● SOURCE DATA:
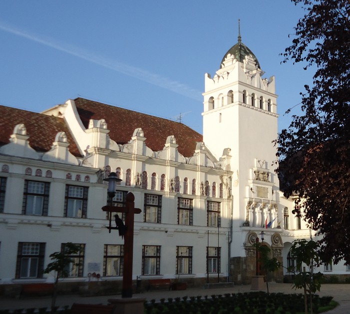 A volutával képzett pártázat körbefutva összefogja, és mintegy „megkoronázza” az épületet. A kiemelkedő torony hasonló elemekből (dupla pártázat, boglyakupola) épül, az attika pedig az épület legrangosabb helyszínét, a fa kazettás, virágmintákkal díszített mennyezetű dísztermet hangsúlyozza.
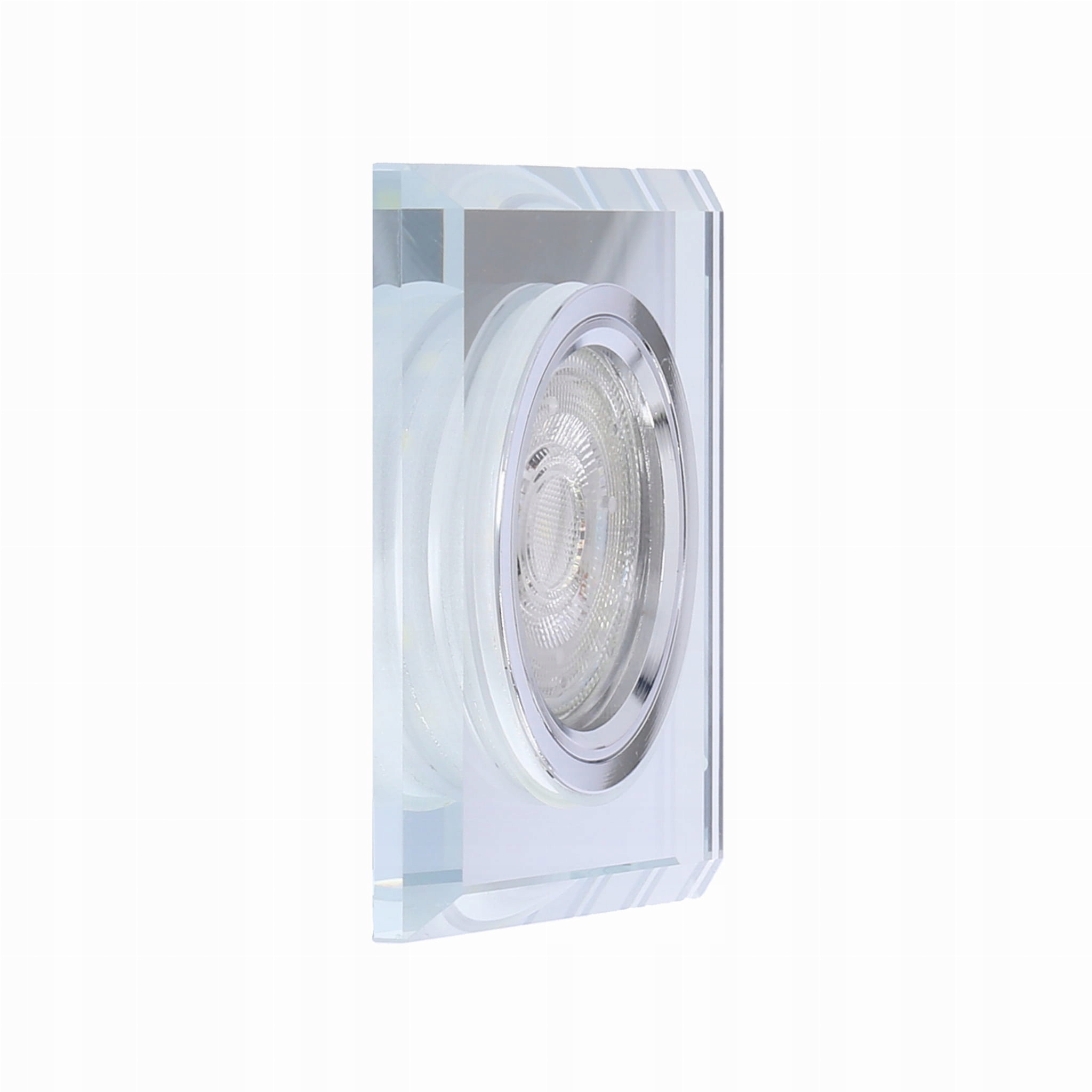 Хіт продажів скляний стельовий світильник зі стандартним цоколем GU10 для змінних ламп і декоративно-функціональною світлодіодною стрічкою потужністю 2,1 Вт; призначений для установки в підвісні стелі та інші конструкції, включаючи спеціальний електронний блок живлення та монтажні пружини; можливість незалежного освітлення світлодіода і GU10 після використання двоконтурного вимикача; доступний у 6 кольорах світлодіодів, у квадратній та круглій версії. Вони чудово виглядають окремо або як групове освітлення, створюючи унікальні ефекти, які підкреслюють індивідуальний характер освітлених приміщень.У комплект світильника входить патрон GU10.
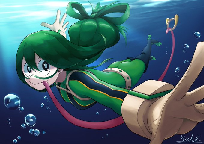 水中パトロール🐸 #ヒロアカ #僕のヒーローアカデミア #蛙吹梅雨 #イラスト
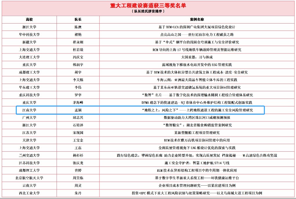 江南轨通智行队(指导老师:浦徐进、周亦宁;团队成员:何知、张国腾、孟颖、安楠、范进龙)凭借案例《“地铁之上,风险之下”——上跨地铁通道工程的施工安全风险管理研究》荣获重大工程建设赛道全国三等奖,展现了江南学子在工程管理领域的优秀才华和创新能力。

● WHAT NEEDS TO BE DONE:
Everything from the line containing "水中パトロール🐸 #ヒロアカ #僕のヒーローアカデミア #蛙吹梅雨 #イラスト" through the last line of the listing above must be output exactly, except the pictures.

● REPLY:
 水中パトロール🐸 #ヒロアカ #僕のヒーローアカデミア #蛙吹梅雨 #イラスト
 江南轨通智行队(指导老师:浦徐进、周亦宁;团队成员:何知、张国腾、孟颖、安楠、范进龙)凭借案例《“地铁之上,风险之下”——上跨地铁通道工程的施工安全风险管理研究》荣获重大工程建设赛道全国三等奖,展现了江南学子在工程管理领域的优秀才华和创新能力。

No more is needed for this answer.